Ruppenthal originally set out to be a school teacher, majoring in history in college. He has never taught a history class in his life. He first worked as a carpenter before finishing his degree from Oakland University in 2004. Ruppenthal thought he might teach during the school year and work his summers doing odd jobs as a carpenter. There were very few teaching jobs in Michigan when he graduated, so he started his own remodeling business, specializing in kitchens and bathrooms.
He is a self described entrepreneur who is not afraid to take risks. By 2008, he had the itch to try something else, something he knew nothing about. Ruppenthal helped form a company in 2008, Enovate IT, which produces mobile work stations for nurses in hospitals so that they could get information electronically at a patient’s bedside. At the time, hospitals were shifting to electronic medical records, sharing information electronically and doing away with the old clipboards and charts. The opportunity was there and he customized work-stations around tablets and laptops and computers.

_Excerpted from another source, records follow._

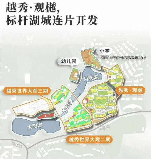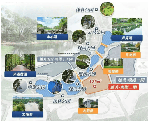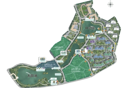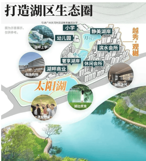 双湖景: 周边环绕太阳湖和月亮湖两个人工湖,享有丰富的山水资源,是天河东部重要的绿色开敞空间。
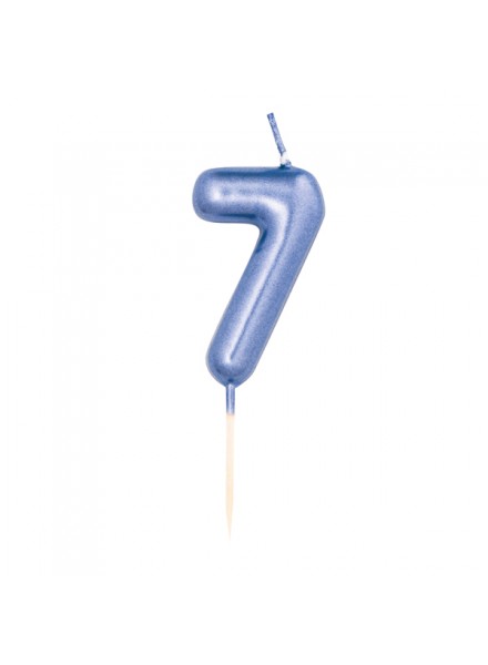 1 candelina numero sette cm 7 Blu metal
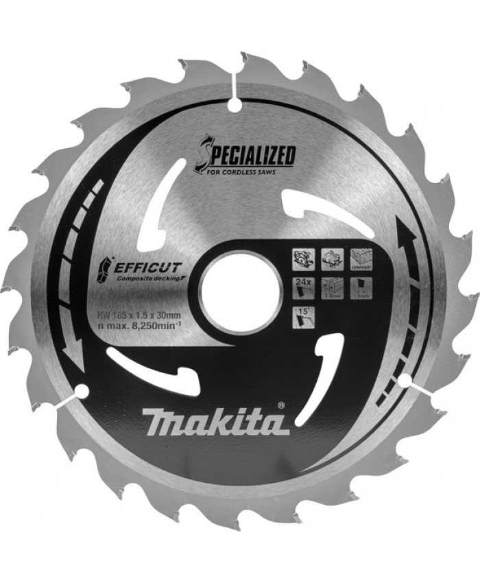 - Makita Efficut TCT žagin list serije E-12170 je vrhunski rezalni pripomoček, zasnovan za natančno in hitro rezanje lesenih kompozitov, kot je WPC (Wood Plastic Composite).
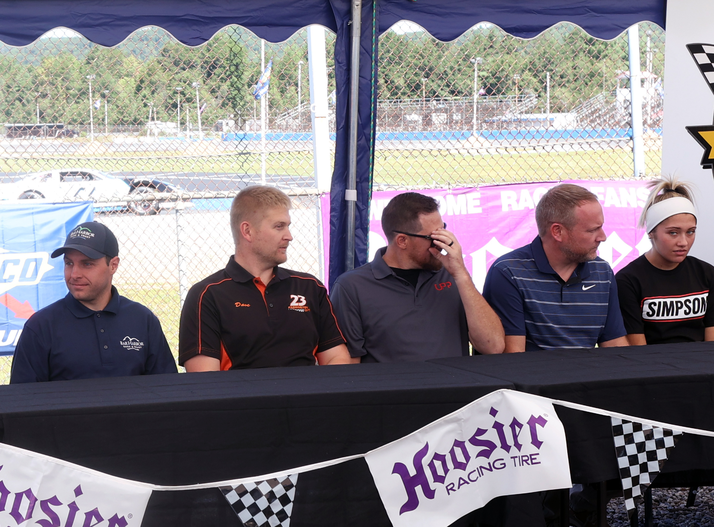 Kate Re – “I would love to have this weather on Sunday, not too hot, not too cold.  The rain can really change the track.  I’m just here to put my helmet on like everyone else.  When it comes to the Oxford 250, I want to be known as just another driver.  I don’t want to be singled out because I’m a female up there.  We’ll start by trying to race our way in and go from there.  This track is greasy with not a lot of grip.  You’re constantly turning so it’s not like your normal Thompson with a long straightaway and tight corners.  You’re constantly turning.  Passing is hard with the lack of grip.  I would not be tempted to ride up on the high side.  I like the fourth groove out there.”
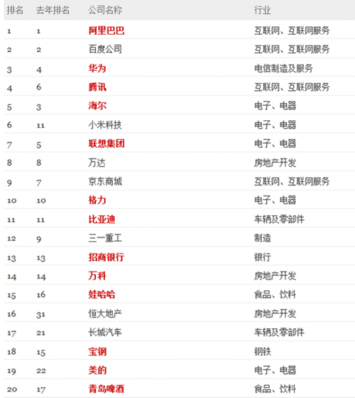 其中,阿里重新登顶全明星榜,百度名列第二,华为则进入了三强,腾讯、海尔、小米、联想、万达、京东、格力分别占据其它几个10强席位。
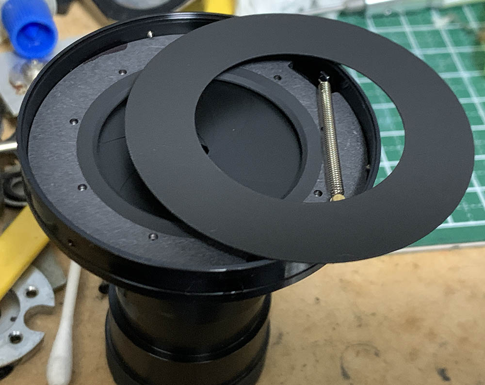 This disc covers the iris mechanism, carefully remove it and never warp it since any damage to this is visible from the front of the lens, magnifying even the smallest flaw.
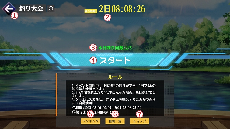 3 | 本日の残り参加回数 | 4 | スタート:釣り開始ボタン |
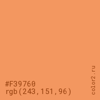 Цвет #F39760 в цветовой модели RGB обозначается тремя октетами (243, 151, 96) в десятичном формате и #F39760 в шестнадцатиричном (hex) формате, которые являются интенсивностью красного 243 (hex F3), интенсивность зелёного 151 (hex 97) и интенсивность синего 96 (hex 60).
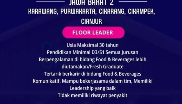 - Berpengalaman di bidang Food & Beverages lebih diutamakan (Fresh Graduate dipersilakan melamar)
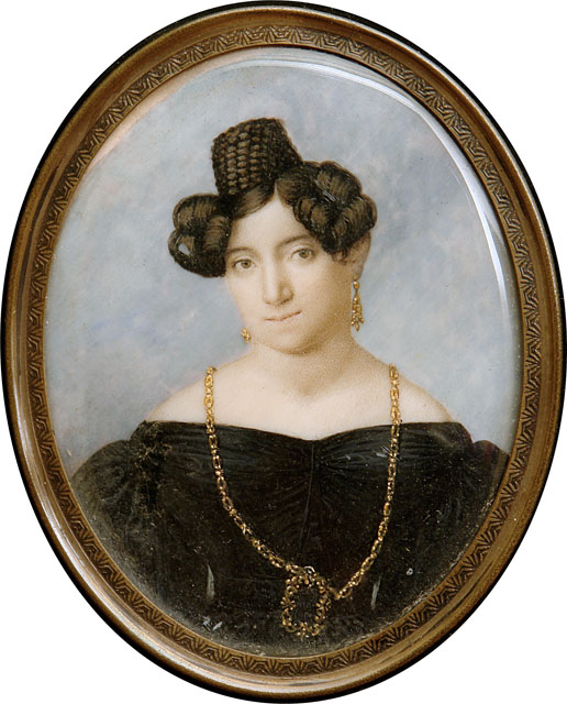 Ovale con ritratto femminile a mezzo busto. La donna raffigurata en face veste un abito di velluto scuro con ampia scollatura ovale, corpetto attillato, reso tale dall'utilizzo del busto, stretto all'altezza della vita da una cintura in tinta con l'abito e dotata di una fibbia dorata. Attorno al collo la donna porta una preziosa collana, mentre ai lobi vi sono degli orecchini; acconciatura a giraffa.
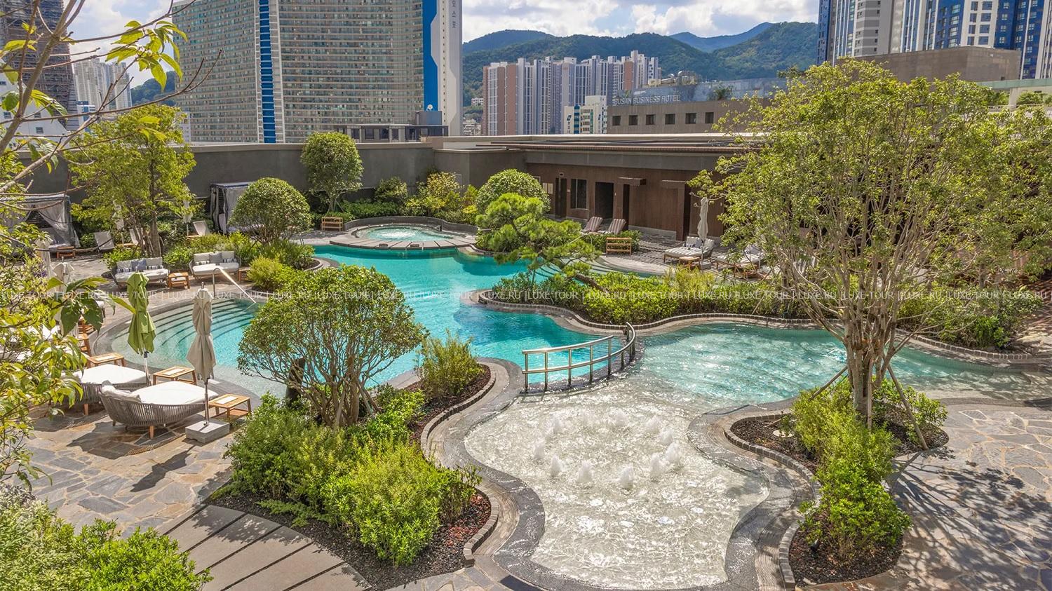 В отеле имеются открытый пейзажный бассейн с подогревом и панорамным видом на город, и крытый бассейн со стеклянным потолком.

After 7 years, Enovate was sold and Ruppenthal’s time there was winding down. Rick Warren, Weldaloy’s CEO, had mentored Ruppenthal in a bible study for a small group of men from 2008 to 2014, and had shared in Ruppenthal’s struggles to get Innovate established. It was there that Warren began to learn of Ruppenthal’s core beliefs and values and his passion for customer relations.
In 2014, an Engineering Manager position opened up at Weldaloy, and Warren offered the job to Ruppenthal—even though he knew very little about forging or material processing. By late 2014, Ruppenthal was promoted to Vice President and Chief Manufacturing Executive. Ruppenthal worked closely with the then Vice President and Chief Administration Executive to run the business. In late 2017, Ruppenthal was named as the General Manager at Weldaloy, and has been Warren’s right hand man ever since.
In the 5 years since, Ruppenthal has gained a wealth of knowledge about a new industry but never forgot his core principle, a lesson he refined while working as a carpenter, a bathroom remodeler or as a CAD designer customizing IT solutions. The foundation of any good company is customer relations.
“You’re building relationships, you’re working with these people every day. That’s really our goal. We’re building a relationship.
“When you’re really upfront and honest with customers, I’ll tell you, they respond to that. We immediately tell them, here’s where we’re at with this. Maybe we had a hurdle, we’re going to let you know as soon as possible. We’re going to take ownership of it and we’re going to work through it. And people are always happy about that.
“Customers come to us with problems. They don’t want to hear somebody say ‘that’s nice’. It’s like, I need you to help me solve this problem. That’s adding value. That’s differentiating you from other companies out there. If all you’re doing is meeting a specification, maybe you’re leaving some things to be desired, maybe you’re missing some of it.”
At the end of the day, whether you are remodeling a bathroom, customizing a work-station or building a part that helps launch a rocket into outer space, everything starts with building a relationship. That is a history lesson Ruppenthal won’t let himself or his team forget it.